14 февраля 1910 года в селе Сура Архангельской губернии играли свадьбу. Венчались в церкви Николая Чудотворца "Пинежского уезда, Сурского лесничества, лесной кондуктор Павел Семенович Сидельников, православного вероисповедания, и учительница Сурской двухклассной церковно-приходской школы Людмила Евгеньевна Никифорова, православного вероисповедания.
Текст: Павел Васильев, коллаж Олега Бородина
Лета жениха — 30. Лета невесты— 19. Таинство совершал священник Суровцев с дьяконом Коносовым и псаломщиком Истоминым.
Поручителями со стороны жениха были лесной кондуктор Верхольского лесничества Евгений Щекин и учитель Михаил Осипов. Поручители со стороны невесты — лесной кондуктор Карпогорского лесничества Константин Акимов и учитель Александр Гойлев".
Это — выписка из метрической книги о бракосочетавшихся в 1910 году. Выдана причтом Сурского прихода Пинежского уезда Архангельской епархии. Серьезный документ: графы, печать, черные чернила, подписи, даже марка зеленая в уголке имеется. Почти все написанное от руки разобрать можно. Я его печатаю с сокращениями.
А вот письмо из Архангельска с благословением от отца Евгения Васильевича Никифорова перепечатать никак не могу. Сохранилось письмо отлично. Но уж больно почерк витиеватый. Не могу разобрать полностью. Благословение длинное, аж две страницы!
Короче говоря, именно в Суре мои бабушка и дедушка вступили в законный брак. На самых северных просторах Российской империи.
Это родители моей мамы.
А вот посажёными родителями молодых было семейство Войчаль, Иосиф и Серафима. Иосиф Войчаль, фигура уже тогда известная на Севере, непререкаемый авторитет в лесном деле, выпускник Санкт-Петербургского лесного института. В молодости, работая в Кутаисском лесничестве, он познакомился с отцом будущего поэта Владимира Маяковского — Владимиром Константиновичем. Володю же знал мальчиком, в пяти-шестилетнем возрасте. Войчали и Маяковские дружили всю жизнь.
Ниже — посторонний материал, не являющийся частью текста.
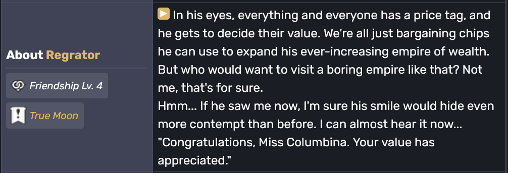 >>563757357>hates China>extremely mercantile>hates China>tried to fuck over Liyue>playable characters say he's a piece of shit>hates ChinaPantalone was fucked the moment he was mentioned in Yelan's story quest. Just look at this, Columbina makes him sound worse than even Pierro.>>563757612Narration Footnotes has always been about the Detective aka Pierro, the rest are just tools.

Можно предположить, что для Павла Сидельникова Иосиф Станиславович Войчаль был не только старшим другом, но и учителем, наставником в профессии. А профессии лесничего, лесного ревизора, лесного кондуктора, помощника лесничего весьма ценились в России, а на Русском Севере — тем более.
Согласно закону о довольствии администрации леса от 1913 года, лесничий получал в год 1760 рублей, помощник лесничего — 800, лесной кондуктор — 700. Выдавались им и неподотчетные 50 рублей в год дорожных денег. По всей стране существовали так называемые двухгодичные лесные школы, где изучение основ лесоводства сопровождалось практикой и экзаменом на должность лесного кондуктора. Со времен екатерининских формировался в стране корпус лесных устроителей, знатоков леса. Удивляться тут нечему — лес играл важнейшую роль в экономике страны.
Мой дед, Павел Семенович Сидельников, как раз и окончил лесную школу в родном Великом Устюге. Учился "по способностям за городские деньги", семья бедствовала, оставшись без кормильца. Отец Павла Семеновича умер от великой русской болезни — белой горячки. Помогали учиться и родственники, успешные мещане. Мещанское сословие Великого Устюга было самым большим в городе — кустари, торговцы, ремесленники, служащие, владельцы мелких лавок и магазинчиков...
С каждой зарплаты лесной кондуктор Сидельников отсылал домой, матери, десять рублей. Гимназию он окончил экстерном. Участвовал в русско-японской войне, служил в инженерных войсках. Получил звание прапорщика и революционным духом, судя по всему, вовсе не пропитался.
Вернулся в родные края, где никогда не существовало крепостного права, взялся горячо за освоение профессии, встретил молодую, белоликую учительницу Людмилу Никифорову, женился по обоюдной любви.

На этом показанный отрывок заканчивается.